Source records:
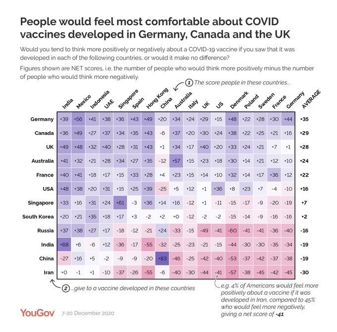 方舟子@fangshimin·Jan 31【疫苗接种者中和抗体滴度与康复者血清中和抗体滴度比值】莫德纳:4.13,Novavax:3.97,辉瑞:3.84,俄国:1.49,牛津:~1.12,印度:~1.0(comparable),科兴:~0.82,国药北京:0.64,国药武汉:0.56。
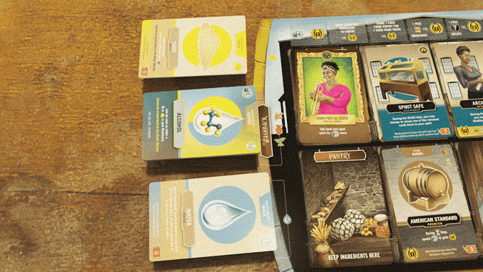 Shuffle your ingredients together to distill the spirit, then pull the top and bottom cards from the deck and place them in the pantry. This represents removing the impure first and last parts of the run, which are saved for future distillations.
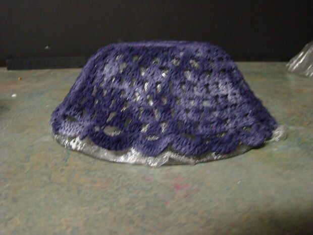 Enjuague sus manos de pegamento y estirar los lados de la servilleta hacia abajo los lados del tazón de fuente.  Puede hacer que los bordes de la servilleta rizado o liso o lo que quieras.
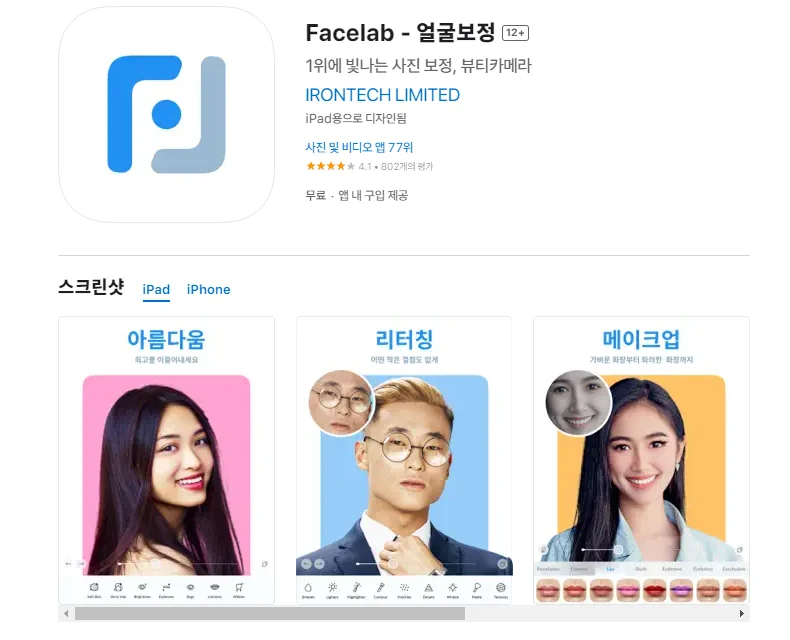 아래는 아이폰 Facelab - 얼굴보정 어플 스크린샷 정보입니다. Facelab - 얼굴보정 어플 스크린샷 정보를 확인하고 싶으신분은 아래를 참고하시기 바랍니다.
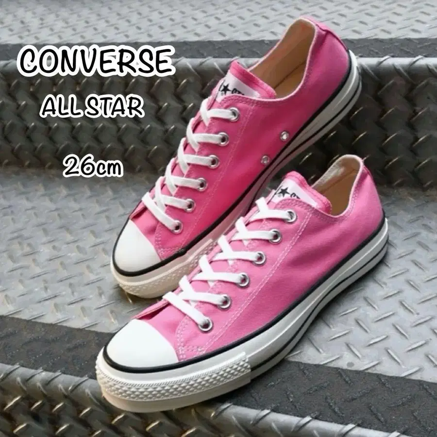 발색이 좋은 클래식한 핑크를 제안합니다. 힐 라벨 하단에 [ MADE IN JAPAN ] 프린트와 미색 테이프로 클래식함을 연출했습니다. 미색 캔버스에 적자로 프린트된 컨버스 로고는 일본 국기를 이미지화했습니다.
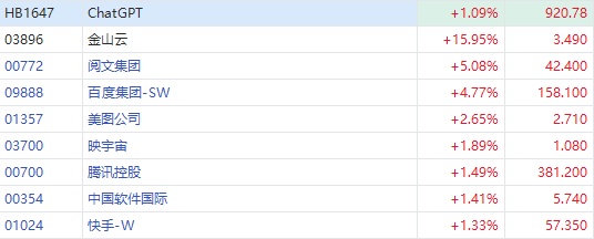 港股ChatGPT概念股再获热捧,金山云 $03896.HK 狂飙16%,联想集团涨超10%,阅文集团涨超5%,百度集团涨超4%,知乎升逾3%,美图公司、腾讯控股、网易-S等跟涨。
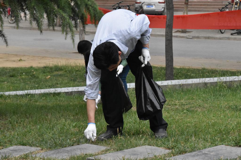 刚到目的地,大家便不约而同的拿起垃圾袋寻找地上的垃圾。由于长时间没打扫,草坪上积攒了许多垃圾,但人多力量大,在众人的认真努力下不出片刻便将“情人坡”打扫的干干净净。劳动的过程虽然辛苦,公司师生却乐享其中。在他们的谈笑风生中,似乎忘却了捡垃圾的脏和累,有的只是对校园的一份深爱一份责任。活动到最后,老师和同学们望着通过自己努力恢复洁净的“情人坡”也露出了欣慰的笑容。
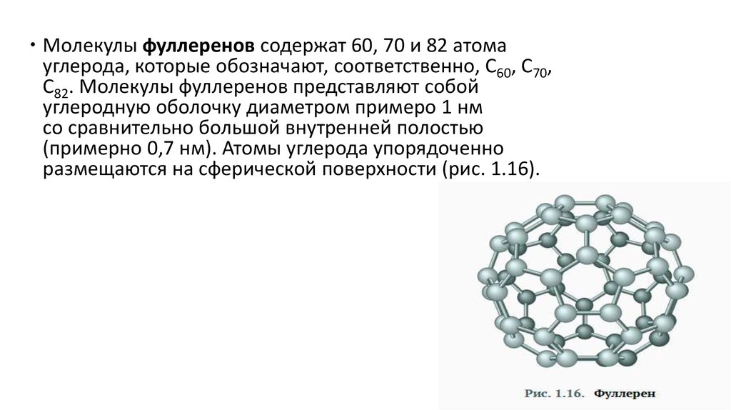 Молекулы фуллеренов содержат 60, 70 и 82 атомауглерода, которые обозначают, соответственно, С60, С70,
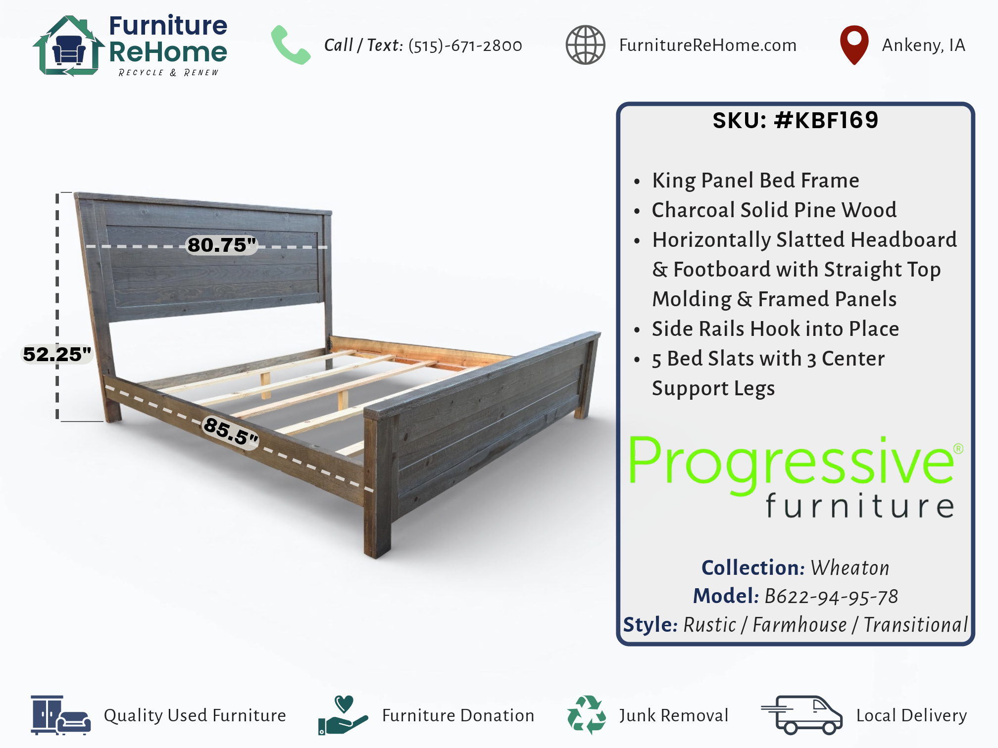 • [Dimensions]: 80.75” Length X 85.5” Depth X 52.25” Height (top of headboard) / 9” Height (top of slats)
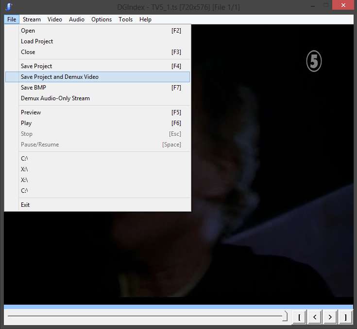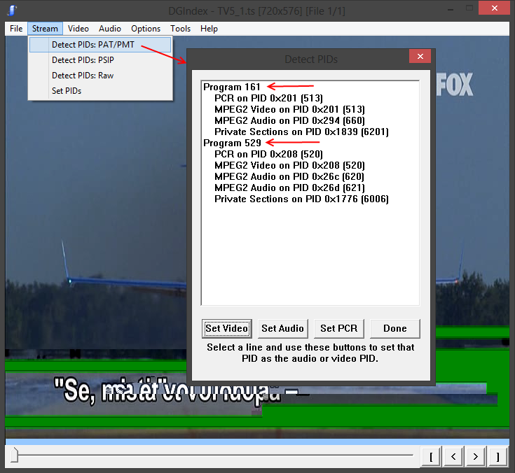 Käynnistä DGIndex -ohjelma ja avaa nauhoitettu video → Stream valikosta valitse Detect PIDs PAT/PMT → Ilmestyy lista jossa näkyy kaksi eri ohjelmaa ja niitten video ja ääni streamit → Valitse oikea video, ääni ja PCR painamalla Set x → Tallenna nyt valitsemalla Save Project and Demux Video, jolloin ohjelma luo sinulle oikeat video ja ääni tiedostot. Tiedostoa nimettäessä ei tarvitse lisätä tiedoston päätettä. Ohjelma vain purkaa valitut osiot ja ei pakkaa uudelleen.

Problem to solve: Please give a word-for-word transcript of the lines from the one holding "발색이 좋은 클래식한" through the final line of the entries, both ends kept, with no pictures.

Written reply:
 발색이 좋은 클래식한 핑크를 제안합니다. 힐 라벨 하단에 [ MADE IN JAPAN ] 프린트와 미색 테이프로 클래식함을 연출했습니다. 미색 캔버스에 적자로 프린트된 컨버스 로고는 일본 국기를 이미지화했습니다.
 港股ChatGPT概念股再获热捧,金山云 $03896.HK 狂飙16%,联想集团涨超10%,阅文集团涨超5%,百度集团涨超4%,知乎升逾3%,美图公司、腾讯控股、网易-S等跟涨。
 刚到目的地,大家便不约而同的拿起垃圾袋寻找地上的垃圾。由于长时间没打扫,草坪上积攒了许多垃圾,但人多力量大,在众人的认真努力下不出片刻便将“情人坡”打扫的干干净净。劳动的过程虽然辛苦,公司师生却乐享其中。在他们的谈笑风生中,似乎忘却了捡垃圾的脏和累,有的只是对校园的一份深爱一份责任。活动到最后,老师和同学们望着通过自己努力恢复洁净的“情人坡”也露出了欣慰的笑容。
 Молекулы фуллеренов содержат 60, 70 и 82 атомауглерода, которые обозначают, соответственно, С60, С70,
 • [Dimensions]: 80.75” Length X 85.5” Depth X 52.25” Height (top of headboard) / 9” Height (top of slats)
 Käynnistä DGIndex -ohjelma ja avaa nauhoitettu video → Stream valikosta valitse Detect PIDs PAT/PMT → Ilmestyy lista jossa näkyy kaksi eri ohjelmaa ja niitten video ja ääni streamit → Valitse oikea video, ääni ja PCR painamalla Set x → Tallenna nyt valitsemalla Save Project and Demux Video, jolloin ohjelma luo sinulle oikeat video ja ääni tiedostot. Tiedostoa nimettäessä ei tarvitse lisätä tiedoston päätettä. Ohjelma vain purkaa valitut osiot ja ei pakkaa uudelleen.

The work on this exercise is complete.